• Work to be completed:
For the material below, the expected output is exactly the lines between the line holding "Женщина играет с внучкой в парке" and the line holding "战国袍、宋制长袍、唐褙子、明", inclusive, with pictures left out.

╭──

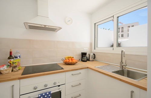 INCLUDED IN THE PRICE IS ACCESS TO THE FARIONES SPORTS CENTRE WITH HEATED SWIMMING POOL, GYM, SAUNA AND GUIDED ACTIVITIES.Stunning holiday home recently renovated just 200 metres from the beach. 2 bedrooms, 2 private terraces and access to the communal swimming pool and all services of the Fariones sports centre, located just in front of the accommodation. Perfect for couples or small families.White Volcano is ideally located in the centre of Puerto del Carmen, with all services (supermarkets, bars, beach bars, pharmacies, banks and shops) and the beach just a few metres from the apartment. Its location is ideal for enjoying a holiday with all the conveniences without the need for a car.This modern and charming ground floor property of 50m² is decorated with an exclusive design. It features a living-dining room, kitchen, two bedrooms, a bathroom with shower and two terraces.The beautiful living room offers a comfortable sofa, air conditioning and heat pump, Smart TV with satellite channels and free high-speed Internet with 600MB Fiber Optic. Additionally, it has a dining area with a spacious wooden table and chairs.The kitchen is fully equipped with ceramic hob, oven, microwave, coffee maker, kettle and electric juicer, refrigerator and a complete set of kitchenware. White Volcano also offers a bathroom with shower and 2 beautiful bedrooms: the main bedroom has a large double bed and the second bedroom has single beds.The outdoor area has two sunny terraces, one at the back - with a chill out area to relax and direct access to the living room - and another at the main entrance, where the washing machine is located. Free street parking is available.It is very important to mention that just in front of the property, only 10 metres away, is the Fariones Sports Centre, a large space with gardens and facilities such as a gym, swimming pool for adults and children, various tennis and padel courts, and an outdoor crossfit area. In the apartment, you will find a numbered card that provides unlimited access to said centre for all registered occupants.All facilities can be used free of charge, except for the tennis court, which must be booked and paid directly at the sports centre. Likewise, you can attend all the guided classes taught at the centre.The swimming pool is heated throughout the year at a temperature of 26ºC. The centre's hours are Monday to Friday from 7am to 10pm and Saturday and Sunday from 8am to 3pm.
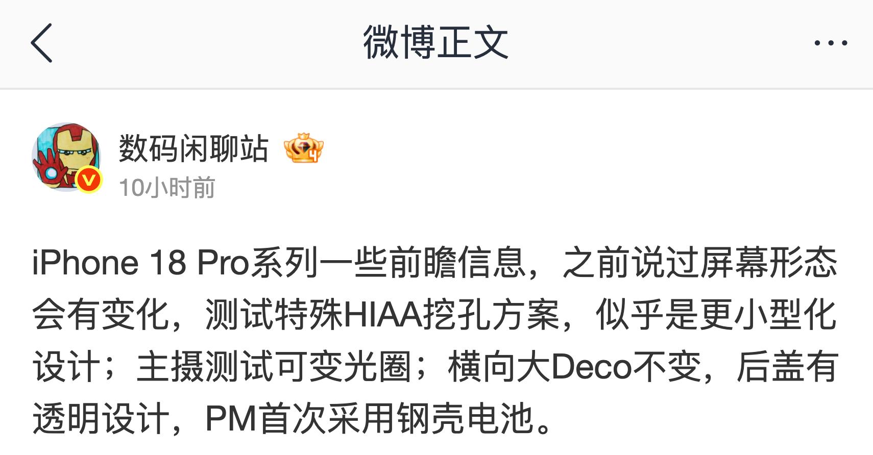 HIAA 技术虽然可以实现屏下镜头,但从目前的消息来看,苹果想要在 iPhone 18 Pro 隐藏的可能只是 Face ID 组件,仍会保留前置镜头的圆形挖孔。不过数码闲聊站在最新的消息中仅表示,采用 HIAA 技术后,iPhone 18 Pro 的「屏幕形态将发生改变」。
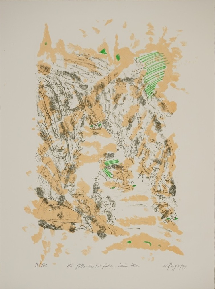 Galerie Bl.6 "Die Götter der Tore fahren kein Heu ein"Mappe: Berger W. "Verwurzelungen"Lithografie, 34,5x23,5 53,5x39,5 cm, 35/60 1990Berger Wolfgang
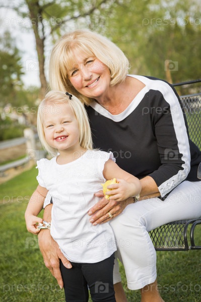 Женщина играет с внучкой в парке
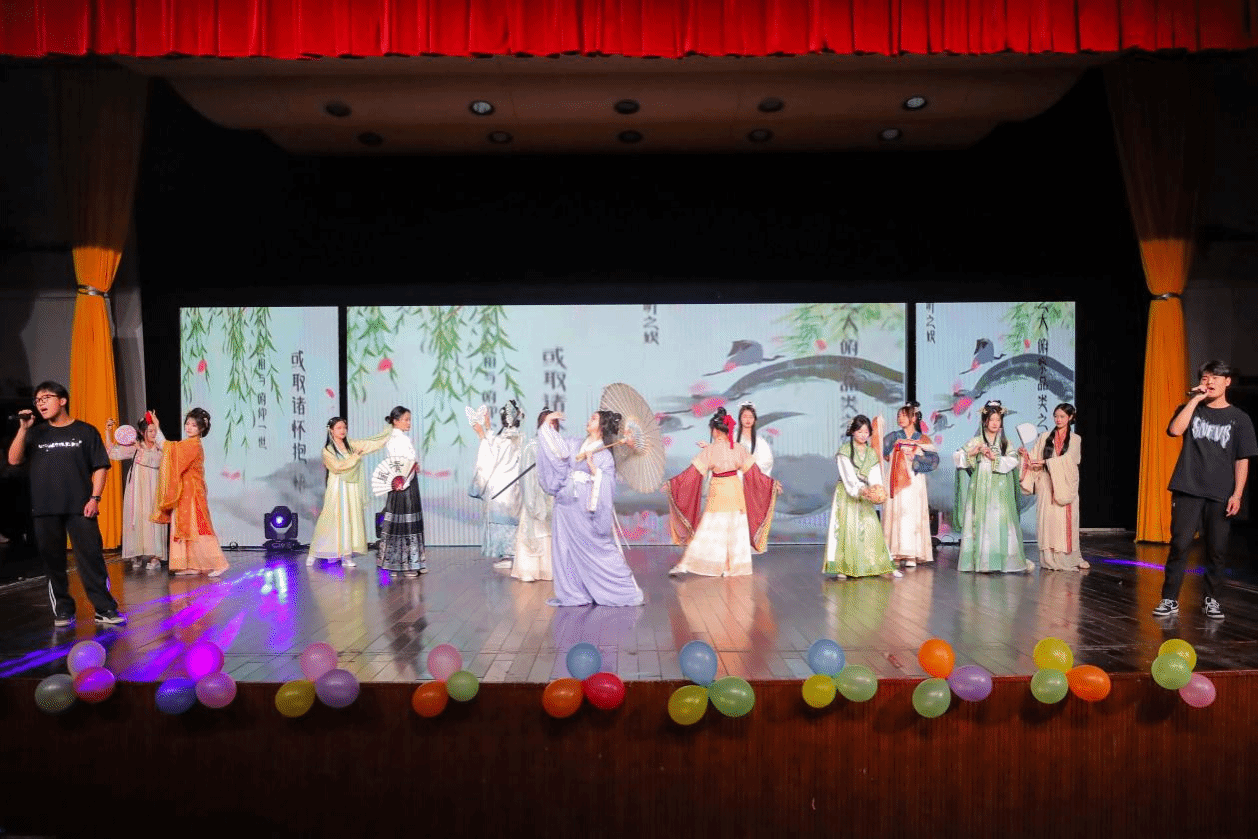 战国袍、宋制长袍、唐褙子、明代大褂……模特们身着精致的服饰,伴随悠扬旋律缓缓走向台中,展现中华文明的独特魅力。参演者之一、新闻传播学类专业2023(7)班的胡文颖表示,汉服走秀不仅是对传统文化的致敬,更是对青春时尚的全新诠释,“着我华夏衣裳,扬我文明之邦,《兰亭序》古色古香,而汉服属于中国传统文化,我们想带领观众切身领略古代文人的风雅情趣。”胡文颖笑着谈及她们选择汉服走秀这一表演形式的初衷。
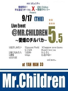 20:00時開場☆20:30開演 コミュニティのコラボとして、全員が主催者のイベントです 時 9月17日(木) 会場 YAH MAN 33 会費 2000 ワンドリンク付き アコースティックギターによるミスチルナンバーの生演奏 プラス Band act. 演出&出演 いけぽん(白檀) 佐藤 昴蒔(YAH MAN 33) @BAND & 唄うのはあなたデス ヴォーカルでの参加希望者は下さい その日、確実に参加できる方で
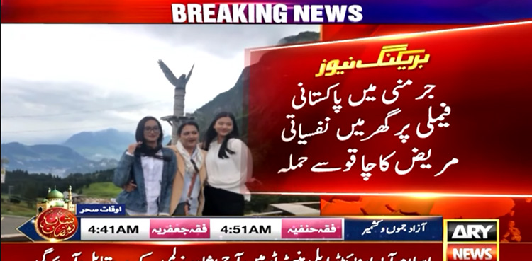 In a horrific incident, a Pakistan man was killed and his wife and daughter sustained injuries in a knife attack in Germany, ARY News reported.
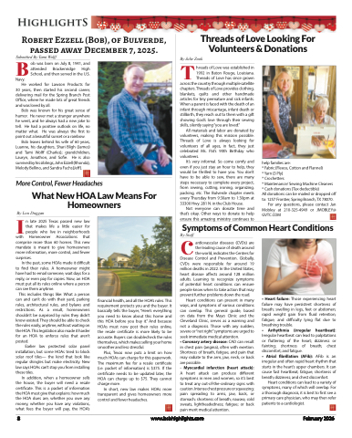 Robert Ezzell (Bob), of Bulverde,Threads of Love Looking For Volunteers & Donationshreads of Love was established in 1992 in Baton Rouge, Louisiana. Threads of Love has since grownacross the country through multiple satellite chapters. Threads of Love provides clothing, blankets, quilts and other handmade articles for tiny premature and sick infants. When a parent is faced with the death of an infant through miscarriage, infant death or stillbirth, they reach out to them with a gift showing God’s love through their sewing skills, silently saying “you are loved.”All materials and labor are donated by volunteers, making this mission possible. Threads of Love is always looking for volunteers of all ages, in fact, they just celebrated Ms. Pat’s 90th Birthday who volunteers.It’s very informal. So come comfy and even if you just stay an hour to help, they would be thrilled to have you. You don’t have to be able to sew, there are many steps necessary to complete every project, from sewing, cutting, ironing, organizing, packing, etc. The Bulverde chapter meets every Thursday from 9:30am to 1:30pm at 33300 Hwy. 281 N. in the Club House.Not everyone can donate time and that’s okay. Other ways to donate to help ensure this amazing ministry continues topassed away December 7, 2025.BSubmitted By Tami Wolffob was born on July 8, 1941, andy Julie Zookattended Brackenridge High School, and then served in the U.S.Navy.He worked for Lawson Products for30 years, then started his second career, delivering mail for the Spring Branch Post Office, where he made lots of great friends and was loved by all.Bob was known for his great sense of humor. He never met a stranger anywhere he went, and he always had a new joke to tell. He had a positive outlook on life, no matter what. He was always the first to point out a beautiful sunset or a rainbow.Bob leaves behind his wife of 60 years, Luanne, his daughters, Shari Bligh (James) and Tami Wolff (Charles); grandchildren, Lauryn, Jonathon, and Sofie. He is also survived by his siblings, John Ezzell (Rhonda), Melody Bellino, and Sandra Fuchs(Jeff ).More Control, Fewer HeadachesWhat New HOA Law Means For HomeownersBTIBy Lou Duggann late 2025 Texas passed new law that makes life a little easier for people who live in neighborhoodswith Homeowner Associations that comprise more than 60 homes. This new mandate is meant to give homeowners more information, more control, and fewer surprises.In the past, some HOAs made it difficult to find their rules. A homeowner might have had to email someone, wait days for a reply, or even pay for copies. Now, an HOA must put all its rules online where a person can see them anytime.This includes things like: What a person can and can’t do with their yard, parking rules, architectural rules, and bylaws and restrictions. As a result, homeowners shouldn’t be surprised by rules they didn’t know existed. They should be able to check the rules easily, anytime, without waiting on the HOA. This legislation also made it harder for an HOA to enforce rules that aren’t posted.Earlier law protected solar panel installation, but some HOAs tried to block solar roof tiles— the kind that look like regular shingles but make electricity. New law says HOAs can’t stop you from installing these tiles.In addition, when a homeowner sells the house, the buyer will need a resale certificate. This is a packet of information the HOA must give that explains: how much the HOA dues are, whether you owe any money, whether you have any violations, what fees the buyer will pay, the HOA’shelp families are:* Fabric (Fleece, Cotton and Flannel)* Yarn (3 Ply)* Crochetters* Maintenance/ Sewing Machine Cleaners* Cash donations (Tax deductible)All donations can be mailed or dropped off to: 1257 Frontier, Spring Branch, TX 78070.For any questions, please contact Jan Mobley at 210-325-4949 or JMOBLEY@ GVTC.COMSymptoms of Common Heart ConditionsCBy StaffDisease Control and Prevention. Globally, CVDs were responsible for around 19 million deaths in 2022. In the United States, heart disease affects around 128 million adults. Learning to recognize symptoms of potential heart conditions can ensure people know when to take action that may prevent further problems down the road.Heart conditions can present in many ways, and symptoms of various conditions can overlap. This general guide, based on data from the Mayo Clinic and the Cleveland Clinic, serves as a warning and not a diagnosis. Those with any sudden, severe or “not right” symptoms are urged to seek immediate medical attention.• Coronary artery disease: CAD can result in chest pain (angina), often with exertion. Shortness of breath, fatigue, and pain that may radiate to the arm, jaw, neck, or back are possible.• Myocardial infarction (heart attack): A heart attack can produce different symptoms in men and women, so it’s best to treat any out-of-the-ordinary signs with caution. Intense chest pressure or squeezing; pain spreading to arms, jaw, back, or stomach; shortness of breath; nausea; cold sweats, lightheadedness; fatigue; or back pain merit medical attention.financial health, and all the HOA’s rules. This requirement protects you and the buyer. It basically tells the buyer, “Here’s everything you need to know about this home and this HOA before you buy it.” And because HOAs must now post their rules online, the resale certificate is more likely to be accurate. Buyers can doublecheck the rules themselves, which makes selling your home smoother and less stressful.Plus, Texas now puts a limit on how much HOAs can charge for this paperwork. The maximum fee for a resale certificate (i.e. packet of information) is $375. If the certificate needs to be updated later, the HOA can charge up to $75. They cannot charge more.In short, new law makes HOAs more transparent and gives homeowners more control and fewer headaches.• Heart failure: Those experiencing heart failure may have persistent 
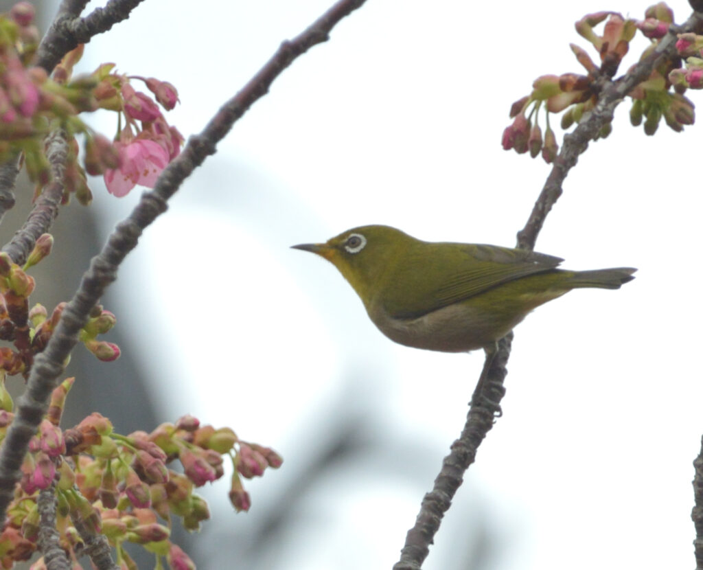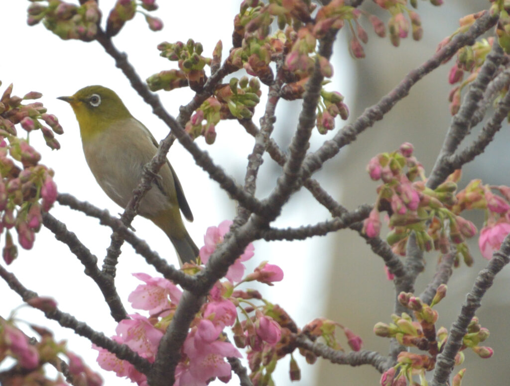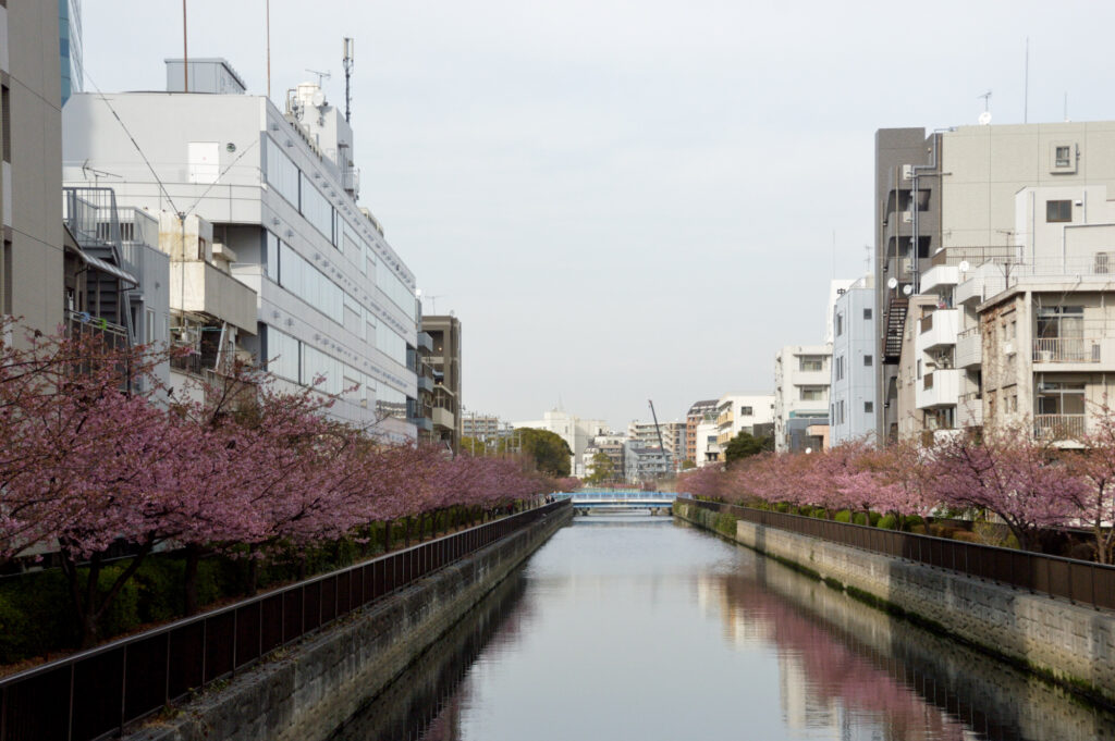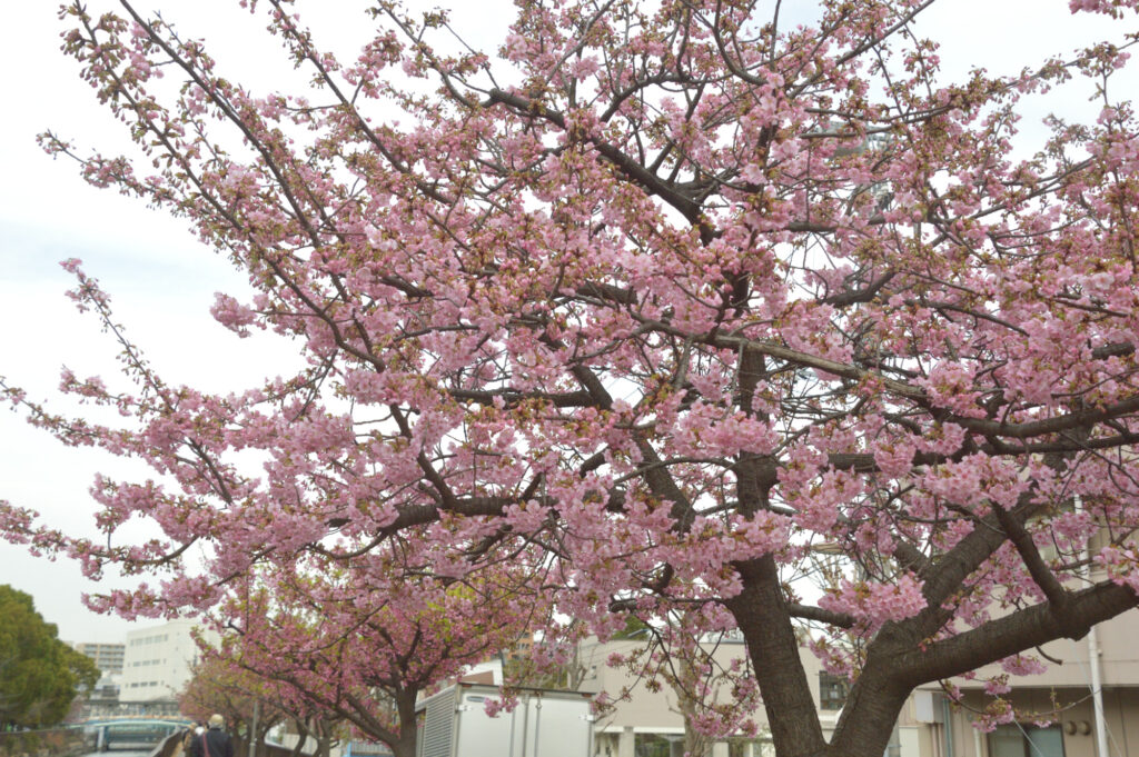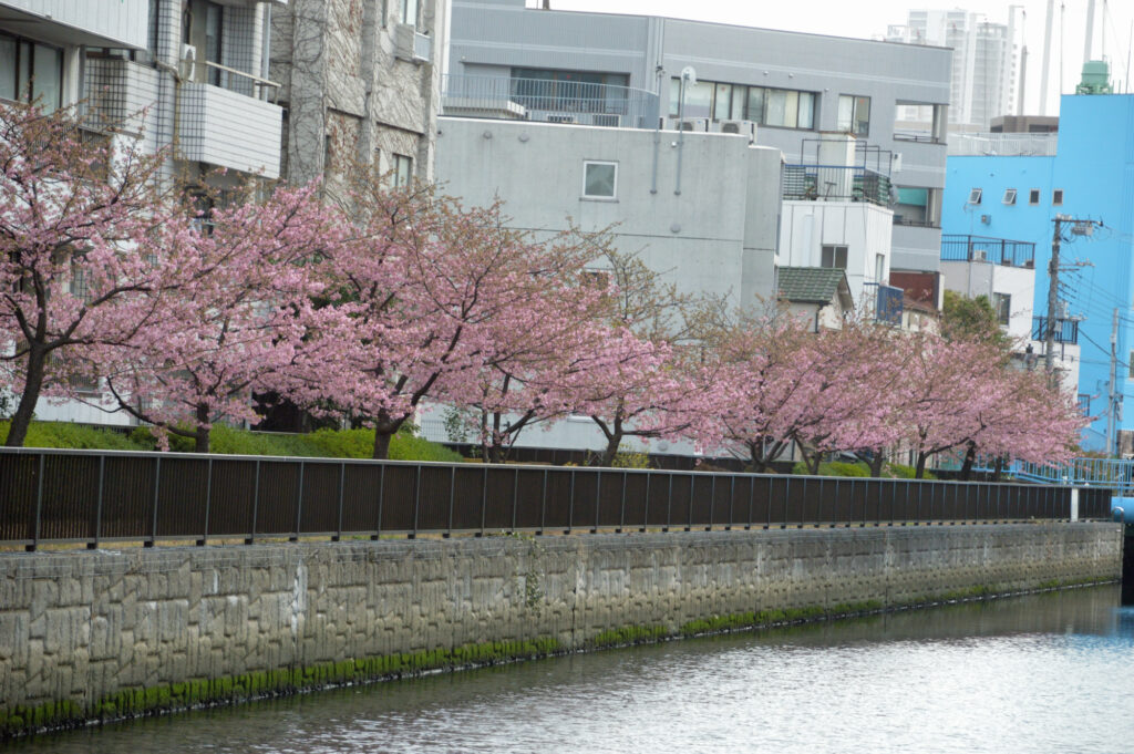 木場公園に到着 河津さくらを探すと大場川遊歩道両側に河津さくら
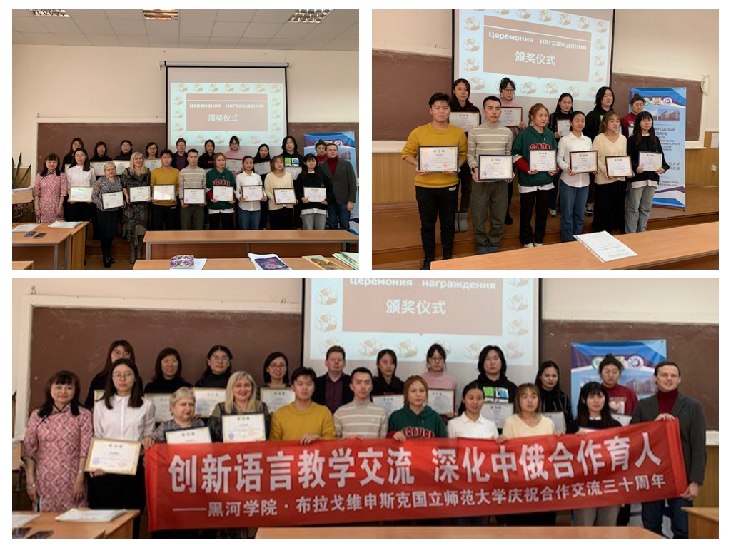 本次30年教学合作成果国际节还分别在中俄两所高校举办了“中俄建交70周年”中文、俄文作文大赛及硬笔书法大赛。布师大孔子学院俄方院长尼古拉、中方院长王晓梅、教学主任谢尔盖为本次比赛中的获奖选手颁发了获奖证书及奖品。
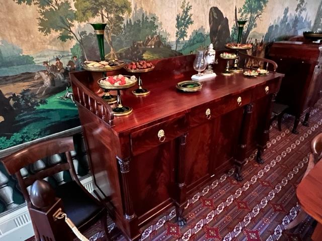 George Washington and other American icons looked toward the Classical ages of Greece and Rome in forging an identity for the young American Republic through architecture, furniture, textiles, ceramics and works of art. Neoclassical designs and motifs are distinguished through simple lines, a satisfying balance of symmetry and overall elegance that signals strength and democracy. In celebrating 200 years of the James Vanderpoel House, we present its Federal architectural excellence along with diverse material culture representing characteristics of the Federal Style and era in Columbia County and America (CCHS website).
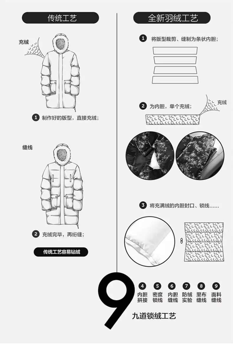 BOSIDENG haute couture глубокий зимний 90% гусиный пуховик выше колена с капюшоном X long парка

╰──

• Written answer:
 Женщина играет с внучкой в парке
 战国袍、宋制长袍、唐褙子、明代大褂……模特们身着精致的服饰,伴随悠扬旋律缓缓走向台中,展现中华文明的独特魅力。参演者之一、新闻传播学类专业2023(7)班的胡文颖表示,汉服走秀不仅是对传统文化的致敬,更是对青春时尚的全新诠释,“着我华夏衣裳,扬我文明之邦,《兰亭序》古色古香,而汉服属于中国传统文化,我们想带领观众切身领略古代文人的风雅情趣。”胡文颖笑着谈及她们选择汉服走秀这一表演形式的初衷。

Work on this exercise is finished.